A symbol in this story that resembles innocence and seems to be Seymour’s only friend is Sybil whom he goes into the ocean with. She is very young which means she most likely cannot point out Seymour’s odd mannerisms nor does Seymour feel the need to be stressed out about rather she can tell that he’s not the same as he was before the war because she didn’t know him before that time. Sybil’s dialogue shows that she pronounces his name as, “see more glass”, which is odd but may resemble how he sees ordinary life differently now and maybe he sees more hatred in the world than the average American during that time. It is peculiar that Seymour’s friends at this resort are not adults because typically that is what you would assume but he is described as knowing the younger children who are there and he and Sybil speak to each other like they are good friends. You can infer that Seymour does not like violence when he speaks to Sybil about how nice the other little girl, Sharon Lipschutz, is because she doesn’t poke the tiny dogs in the lobby. However, Sybil doesn’t appear to be as kind because she asks Seymour to push Sharon off the piano bench. This could’ve thrown Seymour off and made him realize that there isn’t any pure innocence in the world. In the end he must think that no matter what people will never stop fighting for what is best for them or their interests and result to violence in order to do so. This kind of thinking directly correlates with the things he has seen overseas and on the battle field. He must’ve realized that all the death was not worth the outcome, even if it was winning the war. Sybil was the last genuine conversation that Seymour had with someone before he left to go back to the room and kill himself which can indicate that something during that conversation triggered something inside of him that made it seem as if suffering through life wasn’t worth it anymore.
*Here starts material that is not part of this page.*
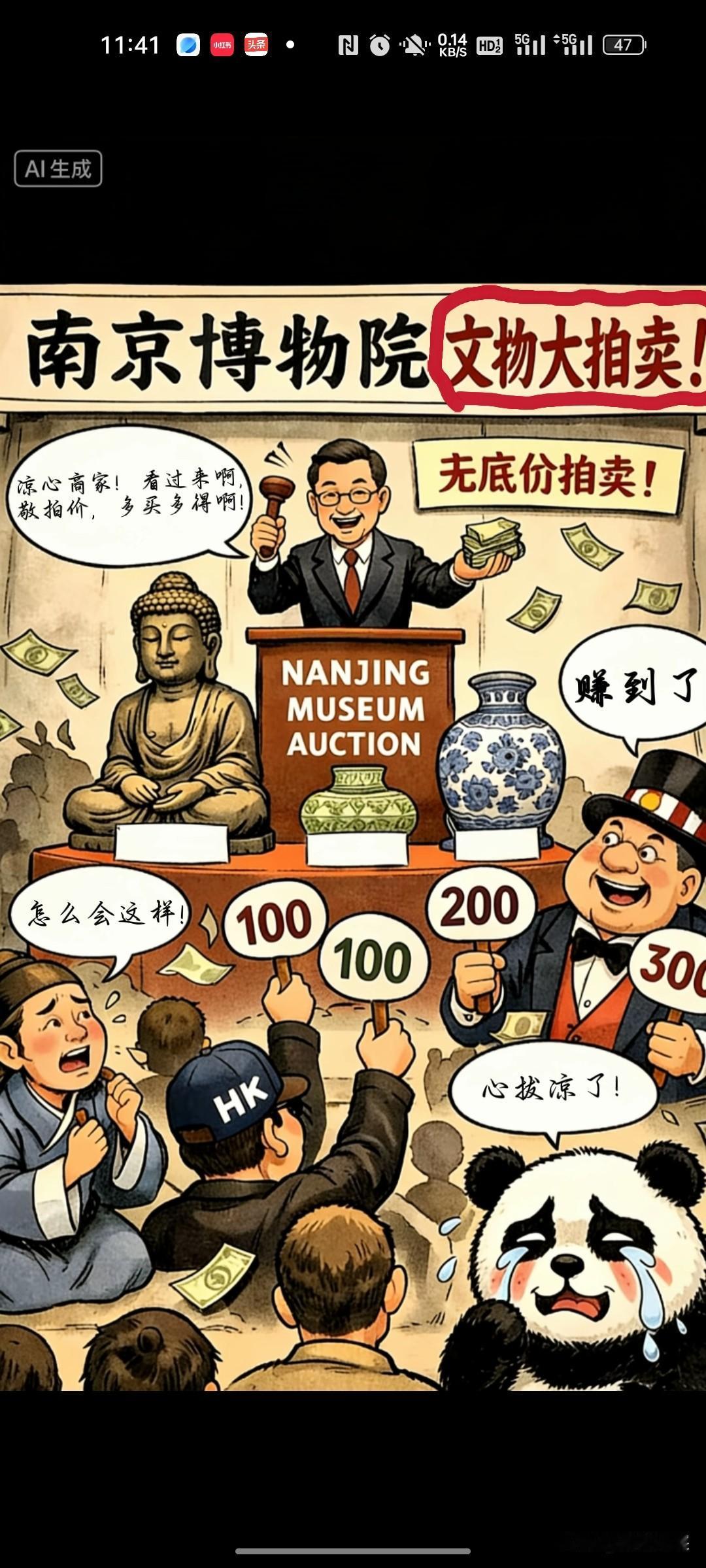 南京博物院,这座历史悠久的文化殿堂,近日却因为一幅漫画而引发热议。一位网友在网络上发布了一幅别出心裁的设计图,这是一块招牌,上面写着“南京博物院”几个字,但字迹却十分特别,每一个字都少了几笔,仿佛是被人故意刮去了一样,而少掉的每一笔画,都有着深刻的寓意。 这幅漫画所传达的意思非常直观,每少一笔,就代表着博物院的资产被“卖掉”了一部分,随着时间的推移,原本完整的招牌变得越来越模糊,最终只剩下一个空壳,这种变化就像是博物院的发展一样,曾经的辉煌慢慢消逝,只留下一个“博物院”的名字,但里面的东西却已经所剩无几。 这样的比喻太形象了,也让人不禁感慨,这幅漫画真的是太有才了!网友用这样简单的方式,就把博物院所面临的现实问题展现得淋漓尽致,也让更多的人关注到这个话题,意识到文化遗产保护的重要性。 这也让我想起了之前看到的一些报道,关于一些博物馆因为缺乏资金而不得不出售文物的事情,甚至还有一些文物被低价拍卖,这样的做法无疑是对文化遗产的一种亵渎,也让人十分心痛。希望这样的事情能够得到更多人的关注和抵制,也希望每一个人都能够珍惜身边的文化遗产,一起为保护文化瑰宝出一份力。 高手在民间,这句话果然没有错!通过这幅漫画,让更多的人了解到了博物院所面临的问题,也让更多的人意识到文化遗产保护的重要性,这样的创意设计真的是太有意义了!希望以后能够看到更多这样的作品,也希望每一个人都能够用自己的方式,为文化遗产保护贡献一份力量。

Sybil was a symbol of innocence but she turns into a symbol to Seymour that no matter what the world will always be a place with hatred and violence and he believes he has already consumed enough of that for a lifetime.

Salinger’s writing is a lot like the “iceberg theory” because it takes a lot of analysis of the character’s actions and conversations to really understand the main idea of the story which is almost “hidden”. This story is a tragedy because it demonstrates a horrible disease, PTSD, and exhibits the ignorance of people’s knowledge of it and how their poor communication of the issue leads to a seemingly unexpected death. There are many symbols in this story, especially the bananafish that represents Seymour’s mental situation and how he talks about it to a small child which resembles the future. “A Perfect Day for Bananafish” is a calamity written about what many soldiers went through when they came home from war and Salinger saw how PTSD was unpredictable when so many people were ignorant about its seriousness which is the underlying meaning of this story.